### Problem
Leaving the pictures aside, repeat the entries exactly.

### Extracted records
####################

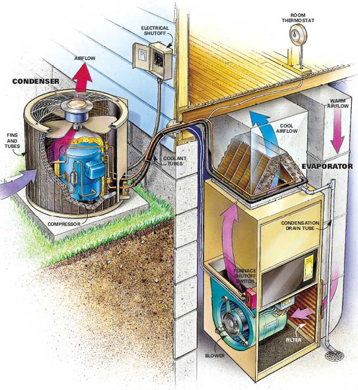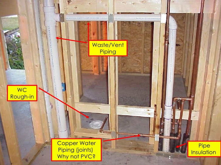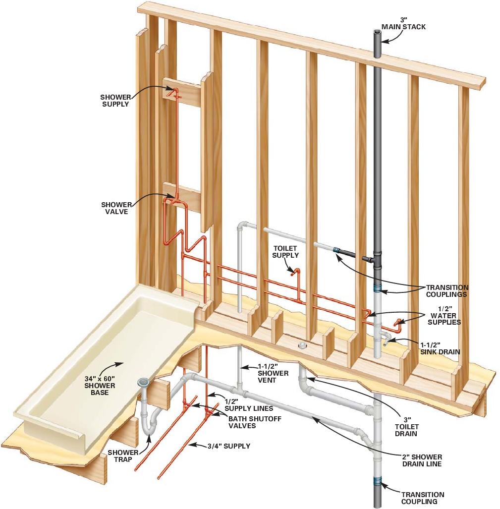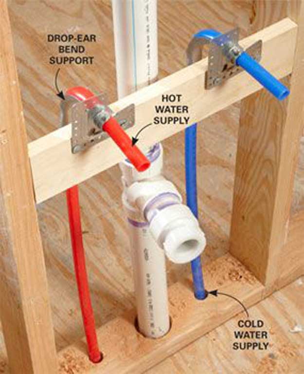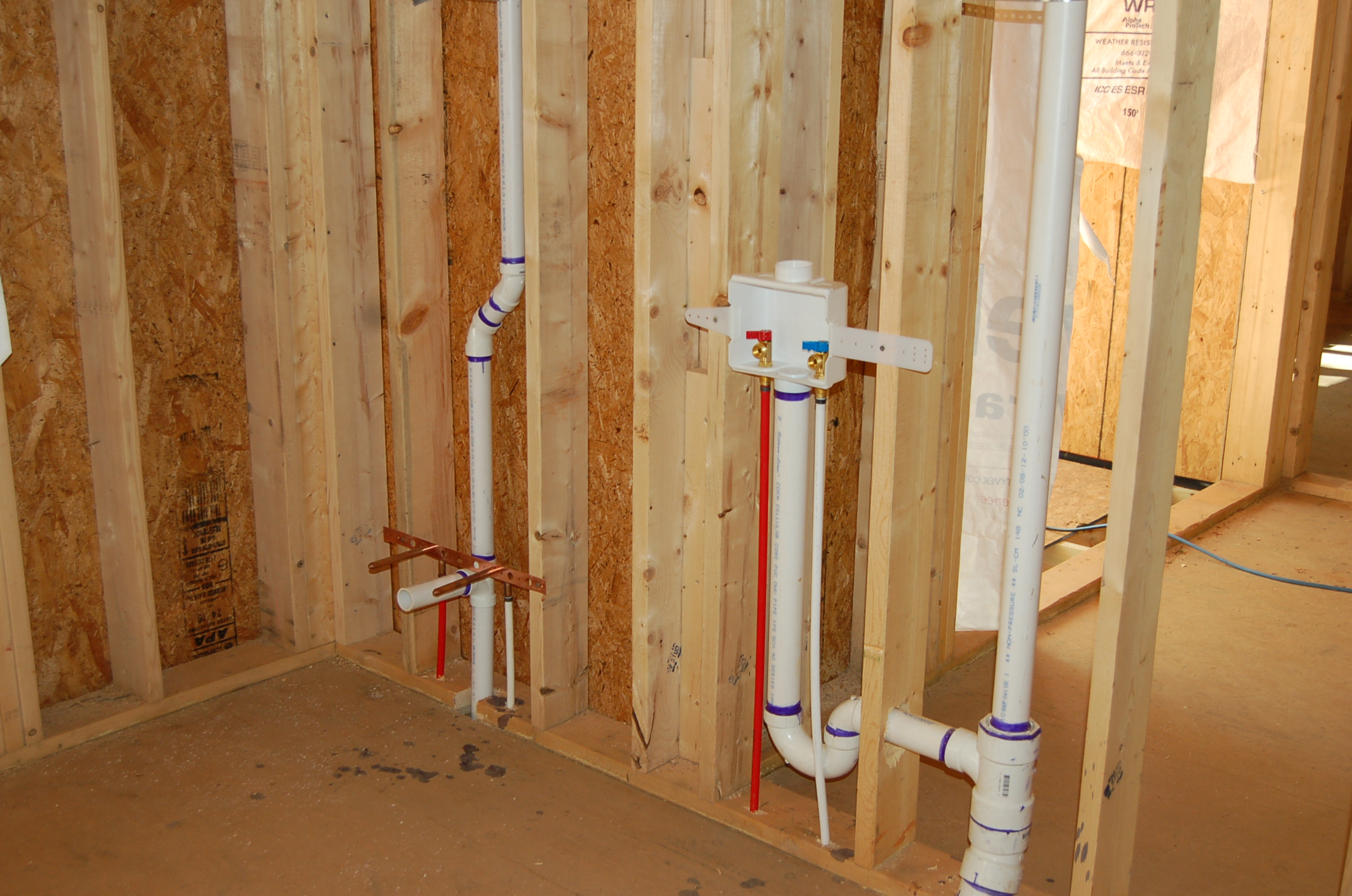 With water supply systems, the main pressurized water supply line enters the house with a pressure of about 50-60 psi (pounds per square inch, which is a measurement of pressure) below frost line, through a water meter, then splits into two lines with one supplying the cold water and the other connecting to the hot water heater. From there, the two lines supply hot and cold water to each fixture and/or appliance. Modern homes have a water
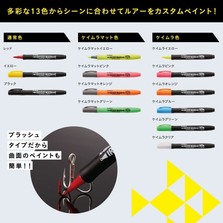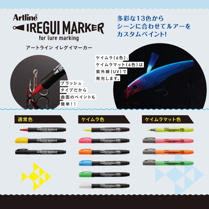 釣り場で簡単・スピーディーにルアーへの着色&ケイムラ加工ができるマーカーです。
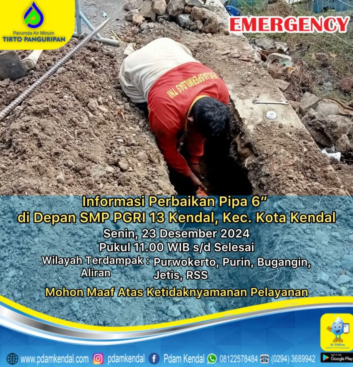 Informasi perbaikan pipa 6” di depan SMP PGRI 13 Kendal, Kec. Kota Kendal.
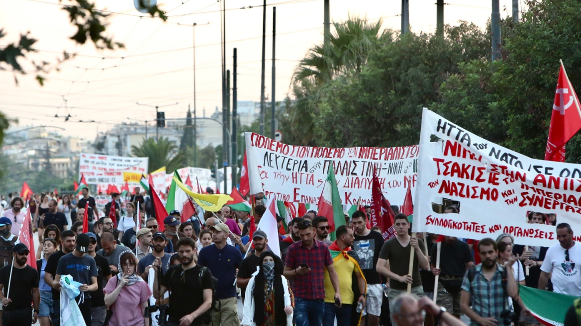 Αντιπολεμική συγκέντρωση πραγματοποιήθηκε το απόγευμα της Τρίτης (24/6) στο κέντρο της Αθήνας, με συμμετοχή συλλογικοτήτων και οργανώσεων και ακολούθησε πορεία προς την πρεσβεία των Ηνωμένων Πολιτειών.
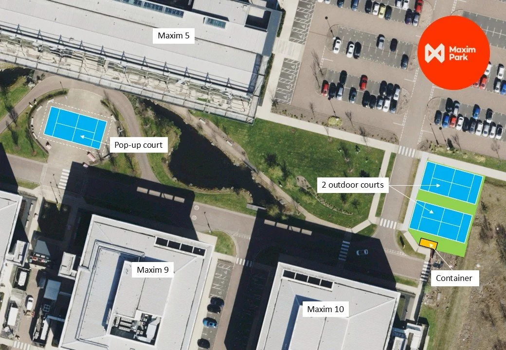 Maxim Park. Padel Courts. Padel growth in UK. Edinburgh Park. Two potential locations? Court dimensions. Maxim 5 Plaza. Maxim 10 gap site. Pop-up court? Permanent courts? Covered courts.
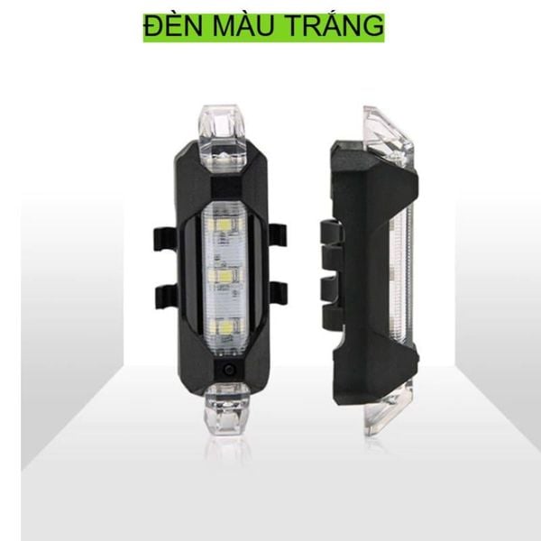 Đèn hậu cảnh báo gắn phía sau màu trắng sạc điện usb chống nước giúp đạp xe an toàn ban
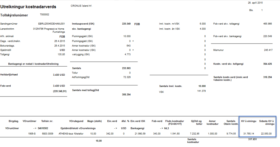 Til að fá inn rétt kostnaðarverð á vöruna með flutningsgjöldum og aðflutningsgjöldum er reiknað kostnaðarverð í tollskýrslunni.
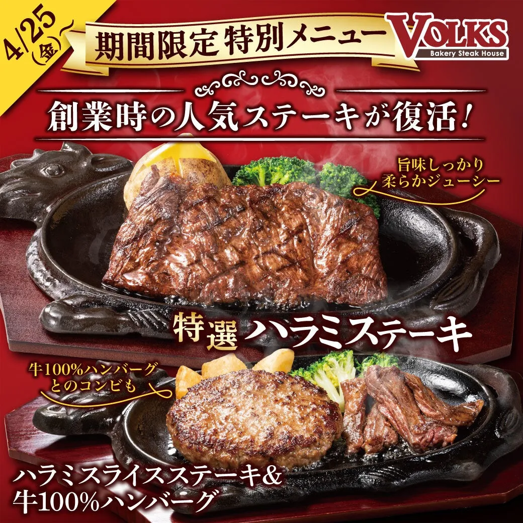 株式会社アークミールが運営するステーキハウスフォルクスが、GW期間限定で創業時から続く人気メニュー、特選ハラミステーキを復活させることを発表しました。これは、コストパフォーマンスに優れ、味も抜群のこのステーキを楽しめる絶好のチャンスです。
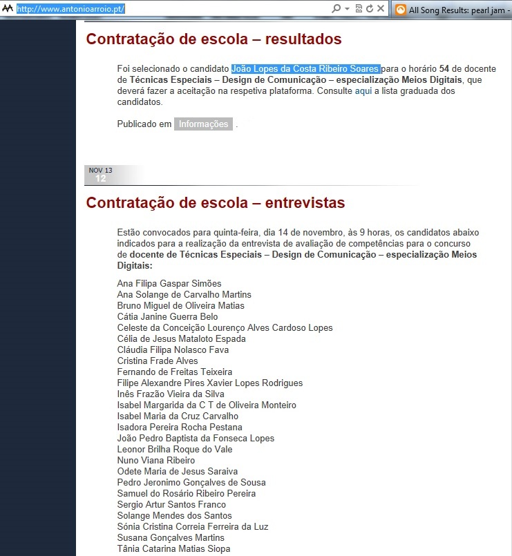 A Escola Artística António Arroio, selecionou um candidato que nem tinha sido convocado para a entrevista e nem é licenciado quando na oferta de escola se refere que se dá prioridade a técnicos profissionalizados. Parece que o candidato selecionado está pela segunda vez a dar aulas na escola e que não tem qualquer outra experiência como docente.
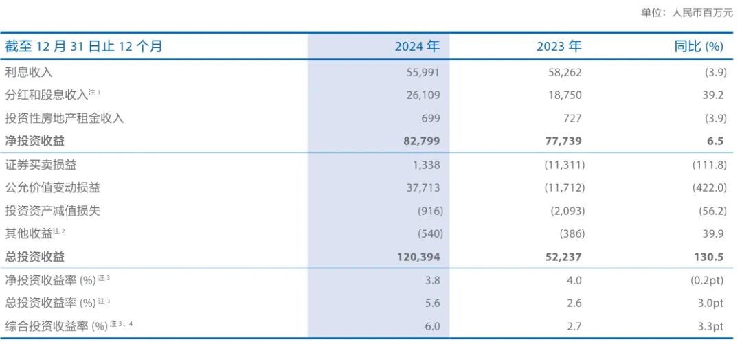 这主要得益于2024年股市与债市的回暖,使中国太保的总投资收益率为5.6%,同比提升3个百分点,是推动业绩增长的核心动力。同期,中国太保的综合投资收益率为6%,同比提升3.3个百分点。
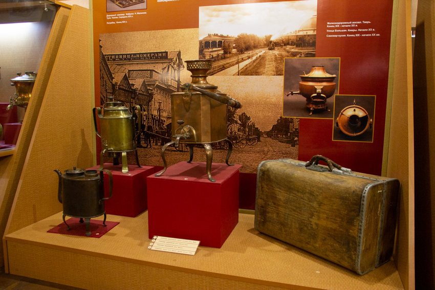 Трудно вообразить настоящий домашний уют без традиционного чаепития и самовара! Поэтому далее мы отправляемся узнать всё самое интересно об истории этого «водогрейного сосуда» в России! Сбитенники, дорожные самовары и самовары-«эгоисты», бульотки и чаеварки, подносы, щипцы для колки сахара, посуда — всё это поражает своей красотой и разнообразием. Нам расскажут о тверских традициях купеческого чаепития, русских обычаях застолья, истории появления самовара на Руси и многом другом. Завершим экскурсию беседой за чаем с настоящими русскими угощениями: пряниками, сушками, баранками и сухарями.
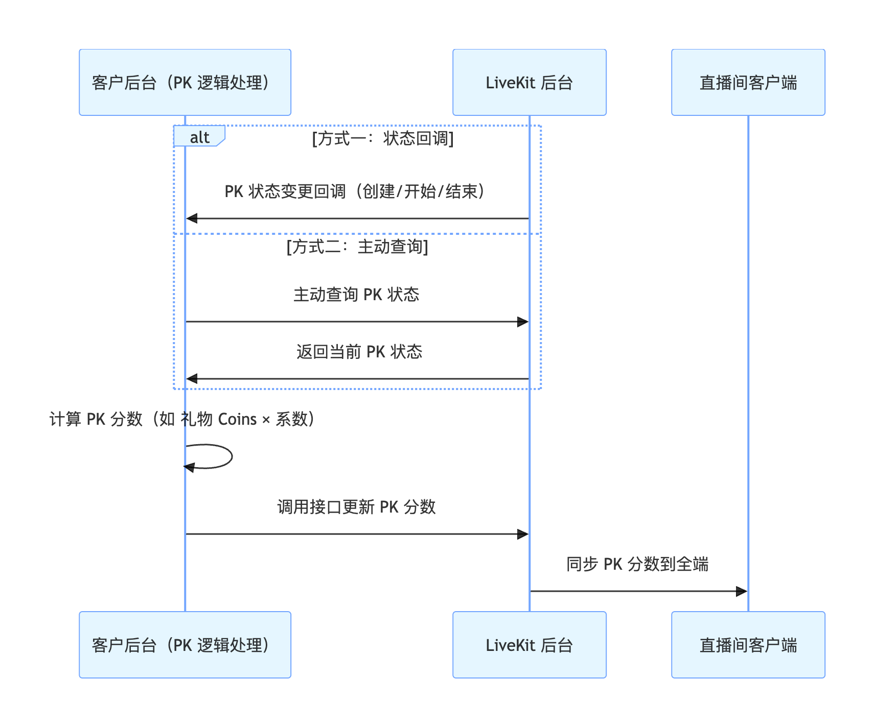 主动查询:您的后台服务可主动调用 PK 状态查询 接口,随时查询当前 PK 状态。
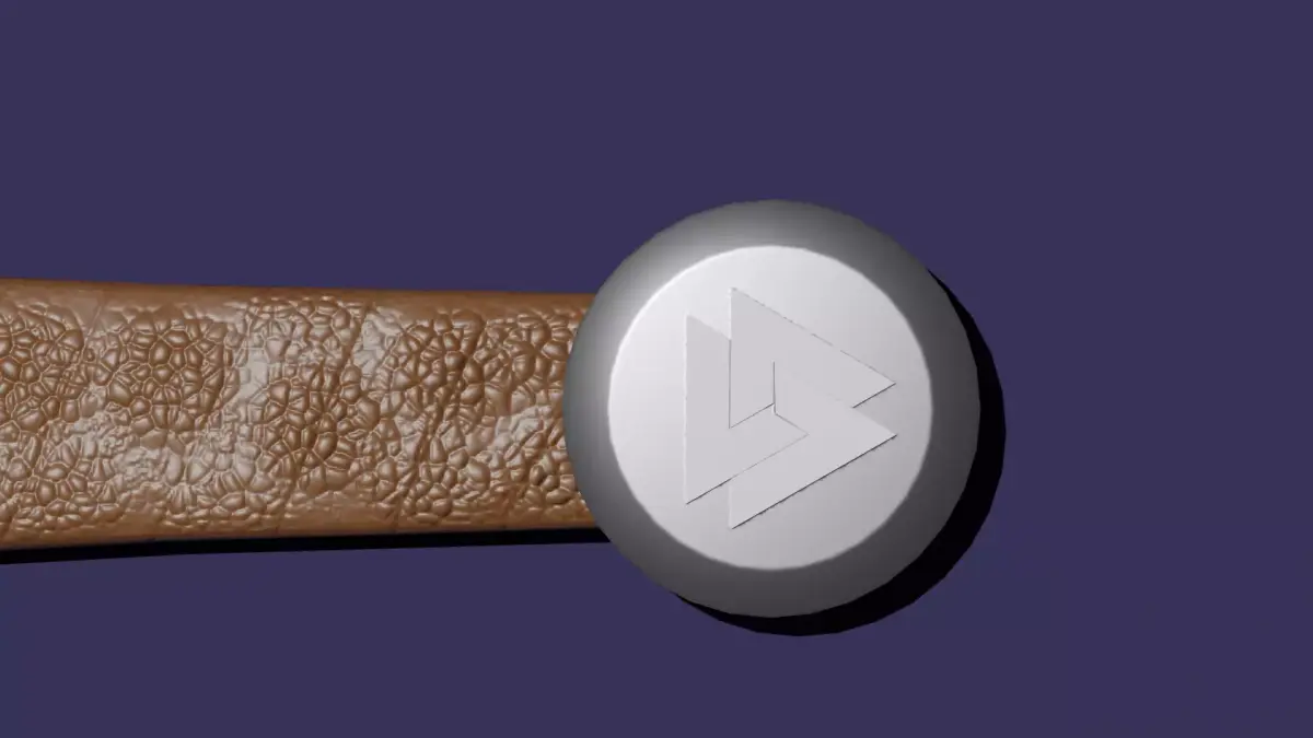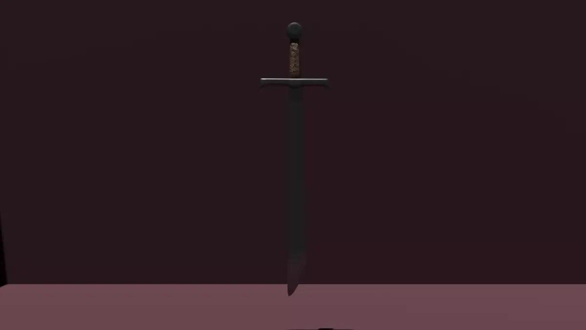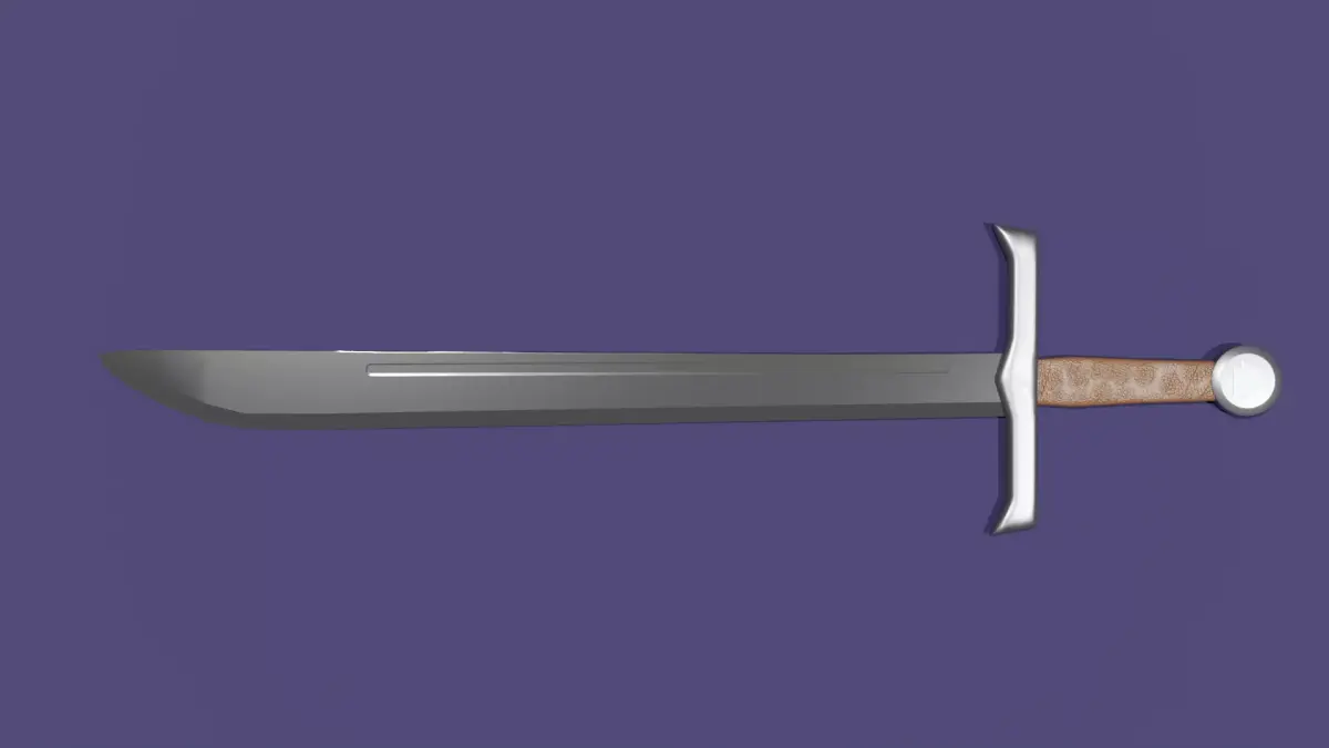 A 3D model of a medieval-style falchion. The weapon features a wide, single-edged blade, a protective guard, and a textured leather-wrapped handle for a comfortable grip.The pommel features a valknut engraving. The model was baked for better optimization (reduced polygon count).

####################

### Result
 With water supply systems, the main pressurized water supply line enters the house with a pressure of about 50-60 psi (pounds per square inch, which is a measurement of pressure) below frost line, through a water meter, then splits into two lines with one supplying the cold water and the other connecting to the hot water heater. From there, the two lines supply hot and cold water to each fixture and/or appliance. Modern homes have a water
 釣り場で簡単・スピーディーにルアーへの着色&ケイムラ加工ができるマーカーです。
 Informasi perbaikan pipa 6” di depan SMP PGRI 13 Kendal, Kec. Kota Kendal.
 Αντιπολεμική συγκέντρωση πραγματοποιήθηκε το απόγευμα της Τρίτης (24/6) στο κέντρο της Αθήνας, με συμμετοχή συλλογικοτήτων και οργανώσεων και ακολούθησε πορεία προς την πρεσβεία των Ηνωμένων Πολιτειών.
 Maxim Park. Padel Courts. Padel growth in UK. Edinburgh Park. Two potential locations? Court dimensions. Maxim 5 Plaza. Maxim 10 gap site. Pop-up court? Permanent courts? Covered courts.
 Đèn hậu cảnh báo gắn phía sau màu trắng sạc điện usb chống nước giúp đạp xe an toàn ban
 Til að fá inn rétt kostnaðarverð á vöruna með flutningsgjöldum og aðflutningsgjöldum er reiknað kostnaðarverð í tollskýrslunni.
 株式会社アークミールが運営するステーキハウスフォルクスが、GW期間限定で創業時から続く人気メニュー、特選ハラミステーキを復活させることを発表しました。これは、コストパフォーマンスに優れ、味も抜群のこのステーキを楽しめる絶好のチャンスです。
 A Escola Artística António Arroio, selecionou um candidato que nem tinha sido convocado para a entrevista e nem é licenciado quando na oferta de escola se refere que se dá prioridade a técnicos profissionalizados. Parece que o candidato selecionado está pela segunda vez a dar aulas na escola e que não tem qualquer outra experiência como docente.
 这主要得益于2024年股市与债市的回暖,使中国太保的总投资收益率为5.6%,同比提升3个百分点,是推动业绩增长的核心动力。同期,中国太保的综合投资收益率为6%,同比提升3.3个百分点。
 Трудно вообразить настоящий домашний уют без традиционного чаепития и самовара! Поэтому далее мы отправляемся узнать всё самое интересно об истории этого «водогрейного сосуда» в России! Сбитенники, дорожные самовары и самовары-«эгоисты», бульотки и чаеварки, подносы, щипцы для колки сахара, посуда — всё это поражает своей красотой и разнообразием. Нам расскажут о тверских традициях купеческого чаепития, русских обычаях застолья, истории появления самовара на Руси и многом другом. Завершим экскурсию беседой за чаем с настоящими русскими угощениями: пряниками, сушками, баранками и сухарями.
 主动查询:您的后台服务可主动调用 PK 状态查询 接口,随时查询当前 PK 状态。
 A 3D model of a medieval-style falchion. The weapon features a wide, single-edged blade, a protective guard, and a textured leather-wrapped handle for a comfortable grip.The pommel features a valknut engraving. The model was baked for better optimization (reduced polygon count).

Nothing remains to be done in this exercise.